8 Conclusions and future work

In this paper we have introduced a set-based model of belief for social learning. This has enabled us to clearly distinguish between imprecision and inaccuracy (error). Specifically, in this setting imprecision can be quantified by the cardinality of the evidence sets, while error refers to the difference between the evidence gathered and the true state of the world \(s^*\), and can be modelled by a probabilistic parameter \(\epsilon\) (i.e. the error rate). We have then used this model to show that social learning can be robust to imprecise evidence and furthermore that certain types of imprecision can result in improved performance.

We have presented simulation results suggesting that social learning is robust to different levels of imprecise evidence arising naturally as a result of evidence gathering only providing partial information. In this context, we have also investigated a multi-robot location classification problem with a small population size in which the imprecision of evidence gathered by the robots may vary because of hardware or environmental constraints. For this scenario the average accuracy is robust to different levels of imprecise evidence. We have also found that increasing the number of robots can decrease the variation of system’s average accuracy at different levels of imprecise evidence. The results of our robot simulation experiments show that our approach has strong potential to be applied to location classification tasks conducted by multi-robot systems.

For a certain type of imprecise evidence, where agents obtain an estimate of the true state of the world and then take a neighbourhood of that estimate, there can actually be benefits of imprecise evidence.
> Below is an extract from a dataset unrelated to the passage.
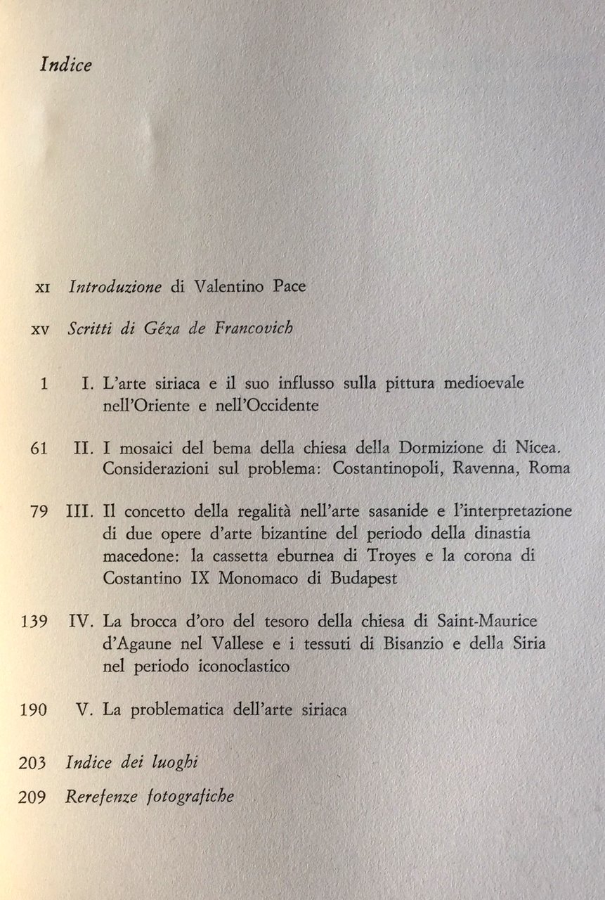 Soggetti: Critica, Movimenti, stili artistici, Arte bizantina medievale, Bisanzio, Influssi, Oriente, Orientalismo, Occidente, Ravenna, Roma, Mosaici, Miniature, Relazioni internazionali, Cultura, Sasanidi, Est, Asia, Impero romano, Islam, Storia antica, Archeologia, Siria, Nicea, Costantinopoli, Pittura, Mosaici, Arte miniatoria, Troyes, Budapest, Saint-Maurice, Bema, Regalità, Macedonia, Cassetta eburnea, Corona, Costantino IX, Monomonaco, Brocca d'oro, Reperti archeologici, Tesori, Agaune, Tessuti, Iconoclastia, Fotografie, Bibliografia, Arte sasanide, achemenide, Ravennate, Palatium, Teodorico, Frigia, Scultura, Medievistica, Studi culturali, Collezionismo, Rarità, Persiano, Saggistica, Libri rari Vintage fuori catalogo, Referenze, Siriaca, iconoclastia, Illustrazioni, Oreficeria, Antichità, Santuari , Tombe rupestri, Licia, Egitto, Medio oriente, Criticism, Movements, artistic styles, Medieval Byzantine art, Byzantium, Influences, East, Orientalism, West, Ravenna, Rome, Mosaics, Miniatures, International relations, Culture, Sasanians, East, Roman Empire, Ancient history, Archaeology, Syria, Nicaea, Constantinople, Painting, Illumination, Kingship, Macedonia, Ivory Box, Crown, Constantine IX, Monomonk, Gold Pitcher, Archaeological Finds, Treasures, Textiles, Iconoclasm, Photographs, Bibliography, Sasanian, Achaemenid, Theodoric, Phrygia, Sculpture, Medieval studies, Cultural studies, Collectables, Rarities, Persian, Non-fiction, Out-of-print rare books, References, Syriac, Iconoclasm, Illustrations, Jewellery, Antiquities, Sanctuaries, Rock tombs, Lycia, Egypt, Middle East

The results showed that the overall best accuracy across various evidence and fusion rate combinations and fastest convergence speed can be obtained with an intermediate level of precision with the presence of error. Furthermore, certain levels of imprecision can enable more robustness to variations in fusion and evidence rate than can be obtained from a precise evidence model. Indeed in high error scenarios there are even some levels of tolerance at which the most imprecise evidential model is also the most robust. Evidence neighbourhoods of this kind were then applied to the multi-robot location classification problems and results once again suggest that best performance is achieved when there is a moderate level of evidential imprecision.
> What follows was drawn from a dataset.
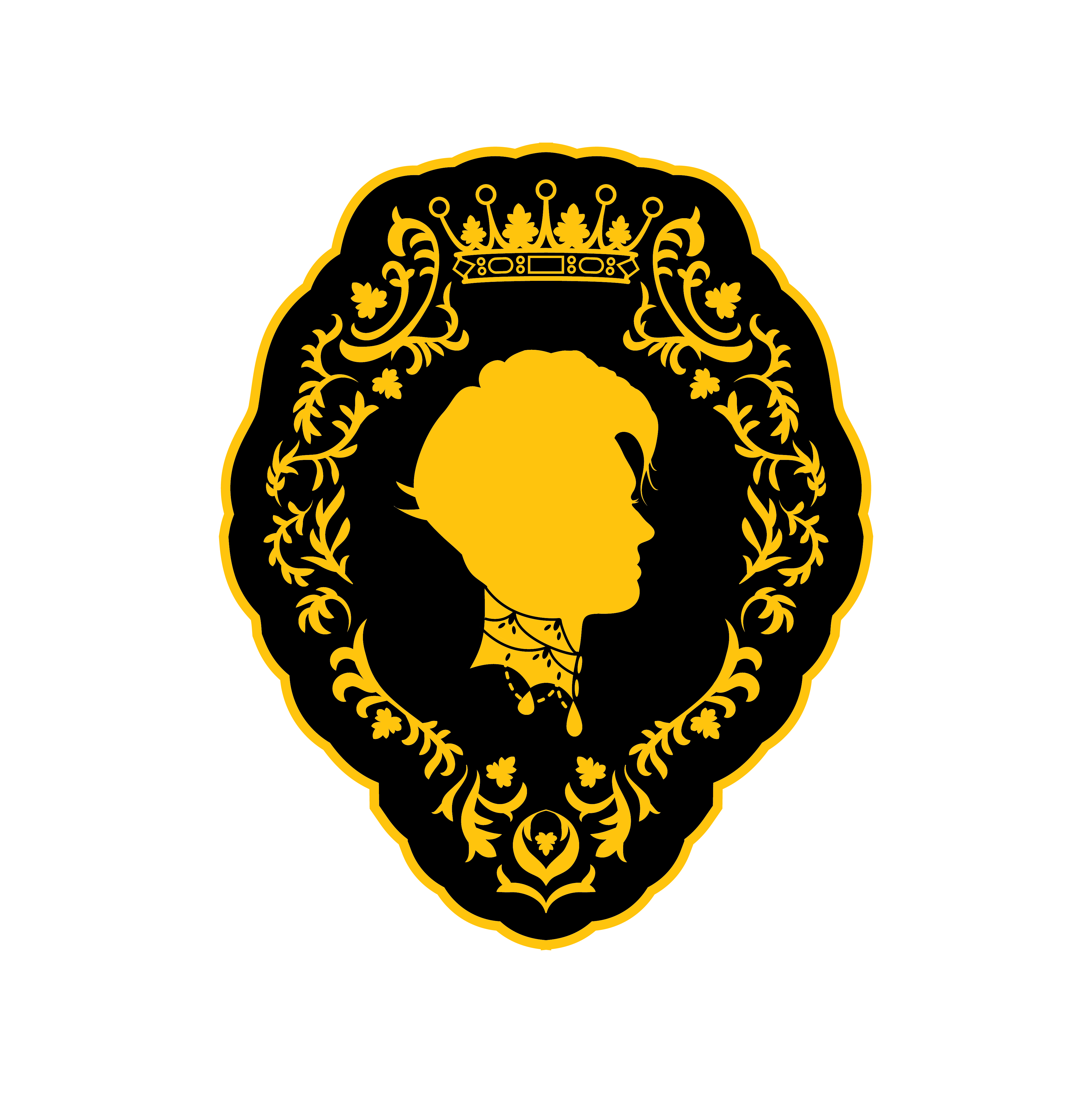Ashlyn requested the use of black and gold as the colors of the brand. I centered the design around her silhouette. Victorian cameos feature a silhouette framed by golden filigree. I utilized this high gothic style to capture the nobility of a countess. The frame around the silhouette is capped by the coronet of a countess, featuring different elements of various european coronets representing this title. The filigree has elements that reference the antlers of a deer. These antlers are prominently featured on a tattoo of Ashlyn’s. The Victorian jeweled collar adds to the sophistication of the design, giving a hint toward the gothic romance and elegance of vampyric beauty. I gave Ashlyn a very modern and edgy hairstyle, juxtaposing the more stately Victorian elements with a sense of creativity and artistry.

In light of previous work on imprecise fusion (Liu et al., 2021), as future work we intend to investigate whether there are advantages in combining imprecision in both the fusion and evidential updating processes. Another avenue of future research will be to add communication constraints to the model, such as network connectivity or physical distance range. There are recent studies showing that limited connectivity can improve the performance of social learning (Crosscombe & Lawry, 2021) and that constrained communication of multi-agent systems can be more robust to the environment changes (Talamali et al., 2021). Additionally, it’s worth noting that different types of network connectivity may have varied performance outcomes. For instance, scale-free networks have been shown to enable faster information propagation in the nest, leading to quicker collective responses compared to proximity networks (Rausch et al., 2020b).